[[ MATERIAL SHOWN, beginning ]]

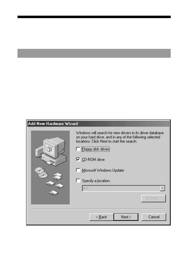 d’ajout de périphérique de Windows 98 se met en marche.
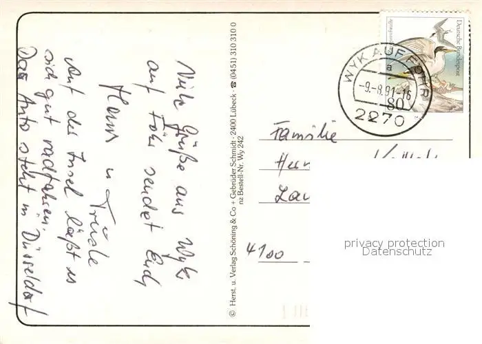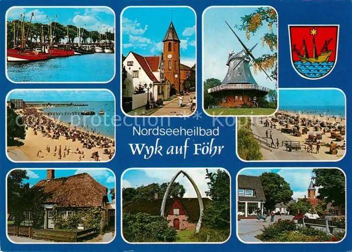 Wyk_Foehr Strand Hafen Windmuehle Kirche Reetdachhaus Foehr postalisch gelaufen 1991 Erhaltung siehe scans [KathaD81] Kathoren
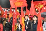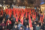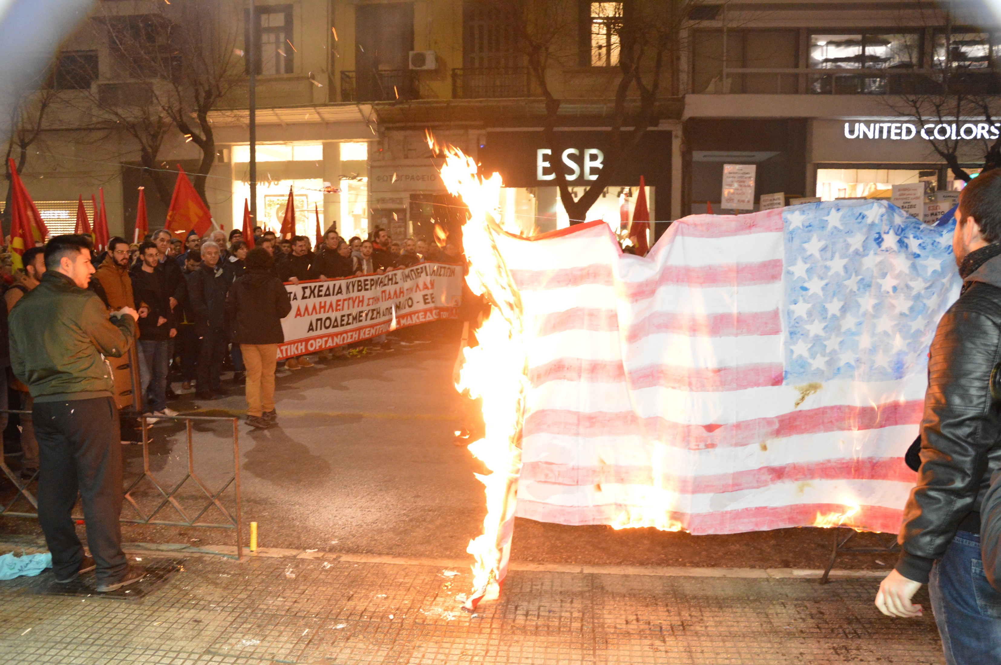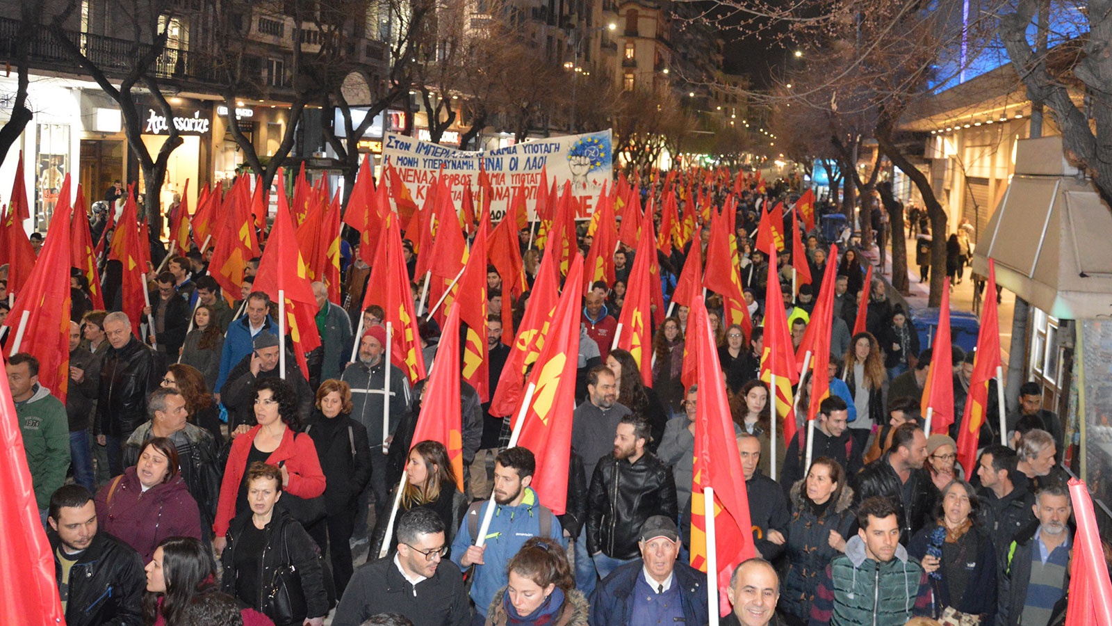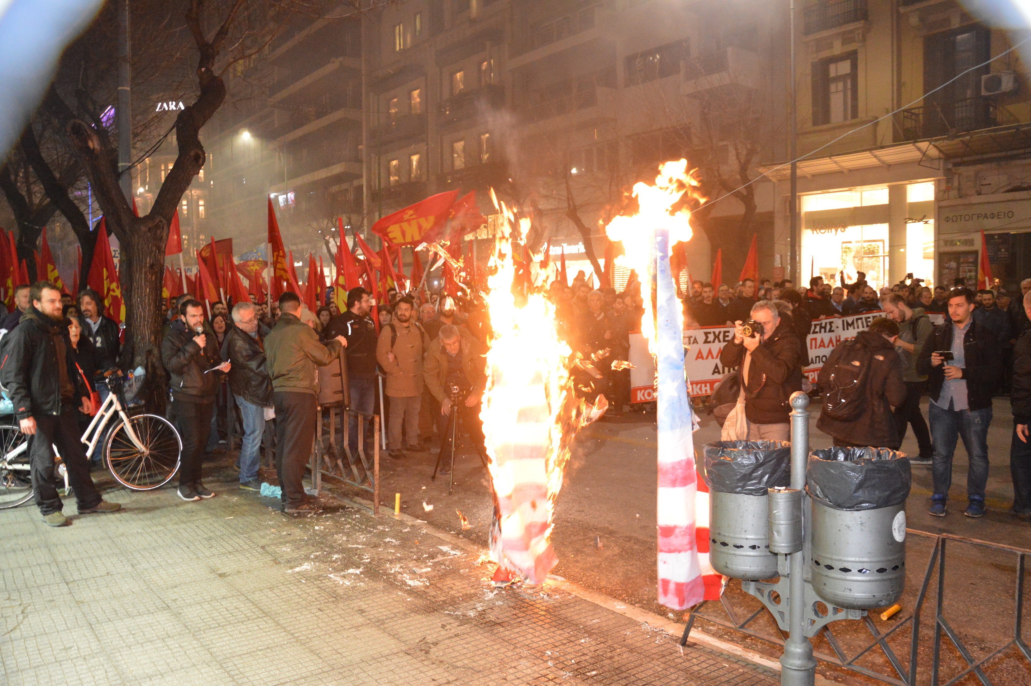 После митинга состоялось массовое шествие к американскому консульству в Салониках. В ходе шествия тысячи митингующих, держа в руках баннеры и флаги КПГ, скандировали лозунги, обвиняющие империалистов: «Империалисты вновь делят землю, кровью народов чертят границы», а также лозунги, призывающие к сопротивлению и борьбе, такие как «Солидарность с борьбой народов против планов империалистов», «Никакого страха, никакого подчинения, с КПГ за свержение власти».
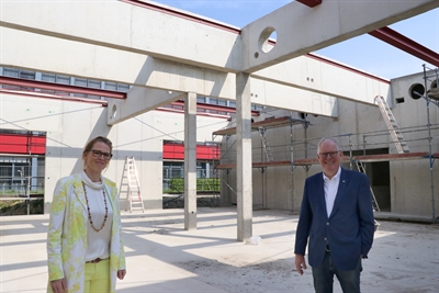 Die Arbeiten an der neuen Aula für das Kuniberg Berufskolleg in Recklinghausen gehen zügig voran. Bereits jetzt sind rund 90 Prozent der Vergaben der Arbeiten an dem zukünftigen multifunktionalen Forum abgeschlossen. Schulleiterin Michaela Korte und Landrat Cay Süberkrüb konnten sich nun ein Bild von den aktuellen Baumaßnahmen machen. „Bereits der Rohbau lässt erkennen, dass hier für die Schule etwas Besonderes entsteht“, so Landrat Süberkrüb.
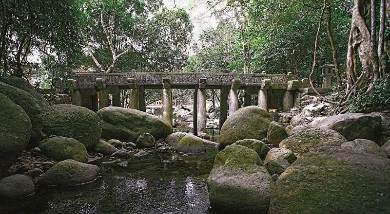 Suối Giải Oan và cây cầu gỗ trụ đá bắc qua suối
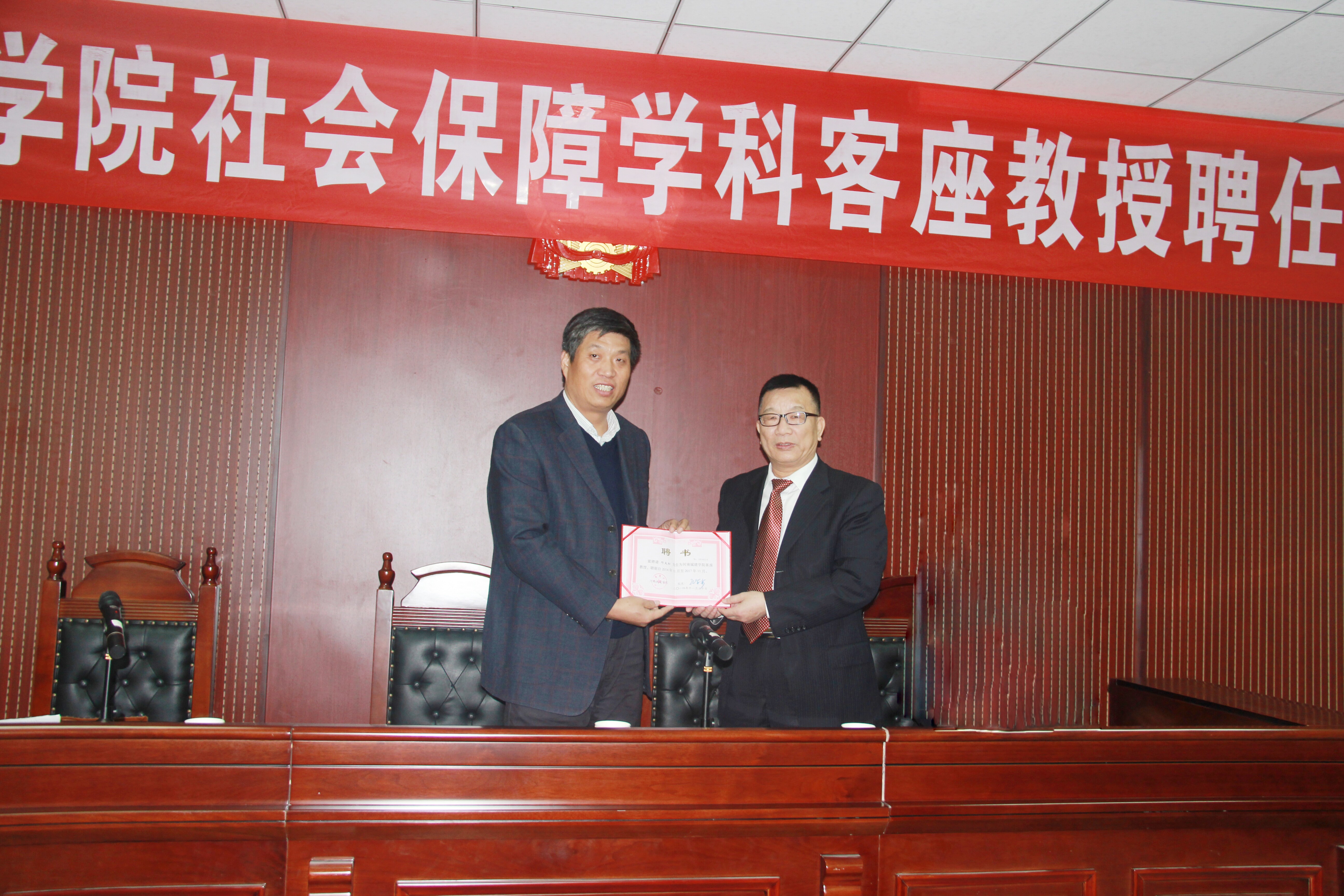 (通讯员 张强 董艳艳)11月20日下午,教育部公共管理学科教学指导委员会副主任、武汉大学博士生导师邓大松教授受聘我校劳动与社会保障学科客座教授仪式在法学院举行。副校长陈丙义出席仪式,人事处处长马明江、法学院院长王艳芳、党总支书记张龙栓以及师生代表参加仪式。
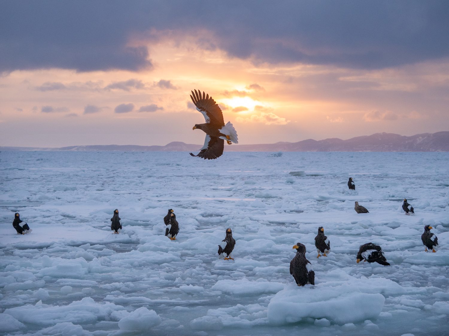 Si bien puedes tener suerte y ver las águilas entre el hielo a la deriva a lo largo de la costa norte de Hokkaido en invierno, Rausu ofrece la oportunidad de verlas de cerca, con capitanes capacitados que saben dónde encontrarlas para asegurarse de que estás capturando imágenes mientras el cálido resplandor del amanecer ilumina la escena.
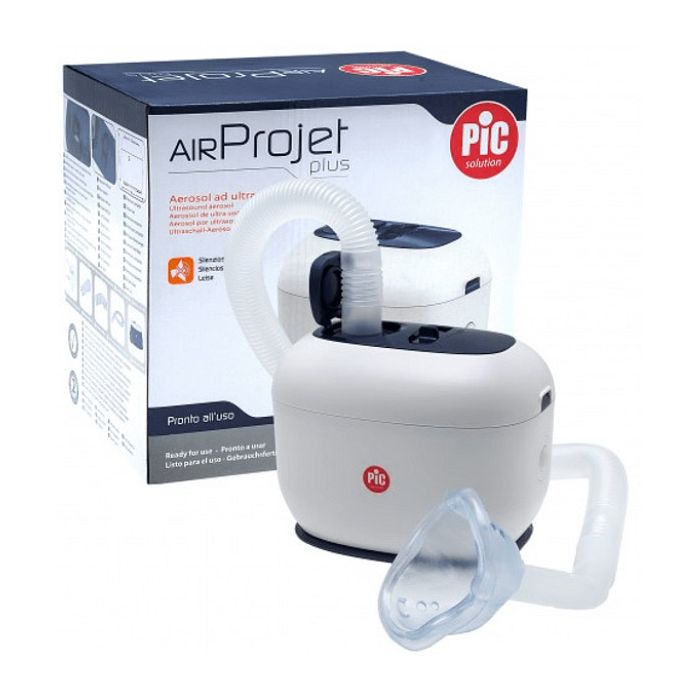 O AirProjet Plus vem com uma bolsa prática e resistente: para que possa transportá-lo em viagem, protegendo-o de impactos. Também encontrará uma ampla gama de acessórios: tubo de ligação, boquilha, forquilha nasal, uma máscara Air Soft 2 em 1, que se adapta facilmente à cara de adultos e dos seus filhos.

[[ MATERIAL SHOWN, end ]]

ASSIGNED TASK
Give back the records above exactly. Pictures stay out.

THE COMPLETED TASK
 d’ajout de périphérique de Windows 98 se met en marche.
 Wyk_Foehr Strand Hafen Windmuehle Kirche Reetdachhaus Foehr postalisch gelaufen 1991 Erhaltung siehe scans [KathaD81] Kathoren
 После митинга состоялось массовое шествие к американскому консульству в Салониках. В ходе шествия тысячи митингующих, держа в руках баннеры и флаги КПГ, скандировали лозунги, обвиняющие империалистов: «Империалисты вновь делят землю, кровью народов чертят границы», а также лозунги, призывающие к сопротивлению и борьбе, такие как «Солидарность с борьбой народов против планов империалистов», «Никакого страха, никакого подчинения, с КПГ за свержение власти».
 Die Arbeiten an der neuen Aula für das Kuniberg Berufskolleg in Recklinghausen gehen zügig voran. Bereits jetzt sind rund 90 Prozent der Vergaben der Arbeiten an dem zukünftigen multifunktionalen Forum abgeschlossen. Schulleiterin Michaela Korte und Landrat Cay Süberkrüb konnten sich nun ein Bild von den aktuellen Baumaßnahmen machen. „Bereits der Rohbau lässt erkennen, dass hier für die Schule etwas Besonderes entsteht“, so Landrat Süberkrüb.
 Suối Giải Oan và cây cầu gỗ trụ đá bắc qua suối
 (通讯员 张强 董艳艳)11月20日下午,教育部公共管理学科教学指导委员会副主任、武汉大学博士生导师邓大松教授受聘我校劳动与社会保障学科客座教授仪式在法学院举行。副校长陈丙义出席仪式,人事处处长马明江、法学院院长王艳芳、党总支书记张龙栓以及师生代表参加仪式。
 Si bien puedes tener suerte y ver las águilas entre el hielo a la deriva a lo largo de la costa norte de Hokkaido en invierno, Rausu ofrece la oportunidad de verlas de cerca, con capitanes capacitados que saben dónde encontrarlas para asegurarse de que estás capturando imágenes mientras el cálido resplandor del amanecer ilumina la escena.
 O AirProjet Plus vem com uma bolsa prática e resistente: para que possa transportá-lo em viagem, protegendo-o de impactos. Também encontrará uma ampla gama de acessórios: tubo de ligação, boquilha, forquilha nasal, uma máscara Air Soft 2 em 1, que se adapta facilmente à cara de adultos e dos seus filhos.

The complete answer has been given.